Закон набата - Солоухин Владимир Алексеевич. Страница 44
– Да ты почему, старая, знаешь, что это он?– закричала Анна, как в безумстве.
– Окстись, окстись скорее, милая. Осени себя крестным знамением. Да разве я тебе говорила, да разве знаю, кто это был? Мало ли тут народу. Город. Два заводища. Да станция – проходной двор. Что видела, то и говорю. А насчет чего другого – надо тебе, милая, в городскую моргу.

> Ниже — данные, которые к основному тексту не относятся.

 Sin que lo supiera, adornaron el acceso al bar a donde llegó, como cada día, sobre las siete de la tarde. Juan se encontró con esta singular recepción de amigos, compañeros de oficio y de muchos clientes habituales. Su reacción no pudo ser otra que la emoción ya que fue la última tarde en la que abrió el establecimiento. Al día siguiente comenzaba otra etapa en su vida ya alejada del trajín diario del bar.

В морге Анне показали желтые, почти совсем не ношенные ботинки, и она грохнулась без памяти на цементный жесткий пол.
Вот что случилось у нас недели две назад. Василия раскопали, конечно, привезли в село и похоронили с районной музыкой. Каждый принимал какое-нибудь душевное участие в этой истории еще до ее развязки. Каждый пришел и на похороны. Отголосили, отпричитали. Земляничная, хвойная, ромашковая тишина снова установилась над маленьким, в елочках да сосенках спрятавшимся кладбищем. Тропинка к нему узкая, торная в сухую погоду белая, а в дождичек глинисто-красная среди мелкой зеленой травы.
Старуха шла впереди меня по этой тропинке в галошах на толстые шерстяные носки. Галоши были велики. Они, может быть, и спадали бы, если бы пешеходка приподымала ноги. Но она двигала ногами по земле, шмыгала ими на полступни. Мне нужно было либо останавливаться, либо обгонять.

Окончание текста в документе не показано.